Pretender to the Crown: Landon Donovan, USA
The United States is one of the last great frontiers for football, and has yet to produce a player truly capable of standing toe to toe with the big guns of Europe and South America. Landon Donovan, however, is arguably the best player the USA has ever produced, and his brief loan stint with Everton this winter earned him rave reviews and instant cult status with the Goodison faithful. With a relatively comfortable World Cup draw, he’ll be given every chance to shine this summer, and maybe, help shine a brighter light on American soccer.
The Home Turf Hero
The Current King: Salvatore Schillaci, Italy (Italy 1990)
Although his ecstatic face became, for many, the lasting image of Italia 90, “Toto” Schillachi didn’t even make his Azzuri debut until he was subbed into Italy’s first group match. Despite this, he went on to score six goals, and became just the second player to win the World Cup golden boot on home soil. Amazingly, he would only score one more international goal for Italy, but this flash in the pan lit up his whole country for a month, and etched his name into the record books.
Pretender to the Crown: Didier Drogba, Ivory Coast
The tournament may be hosted in South Africa, but it’s swiftly becoming a seminal moment for all of African football, and if an African player is to take home the Golden Boot, it will probably be Didier Drogba. Although a controversial and divisive figure on and off the pitch, the Ivory Coast captain is a powerful striker with an impressive goal scoring record.
The Golden Pairing
The Current Kings: Ronaldo and Rivaldo, Brazil (Korea/Japan 2002)
Ronaldo and Rivaldo came into the 2002 World Cup as arguably the most talented attacking pair in the world. At least one half of the duo scored in every single one of Brazil’s World Cup matches, and they both netted on seven separate occasions, finishing as first and joint second highest scorers, respectively, while leading their country to its fifth World Cup title. Fittingly, both were named to the team of the tournament, with Ronaldo also ending up with the Silver Ball and World Player of The Year honors.

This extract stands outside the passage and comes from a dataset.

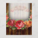 Bridal shower design with Mason jar and wreath shaped array of colorful roses and flowers, on a dark brown vintage wood plank background image. A rustic summer outdoor theme for a country or cabin theme bridal shower. Rich dark brown wooden boards from an antique fence or floorboards contrast against beautiful pretty floral graphic. © CustomInvitesOnline.com

Pretenders to the Crown: Fernando Torres and David Villa, Spain
Fresh off of their historic Euro 2008 win, where Villa was top scorer, there is no more in-form and dangerous pair of forwards in the world. Both are technically gifted natural finishers, and consistently put up excellent numbers. Like Brazil in 2002, Villa and Torres have an absurdly talented squad supporting them, and are seen by many as clear favorites to win the tournament. If they are to do so, they would do well to learn from the unselfishly brilliant play of their Brazilian predecessors.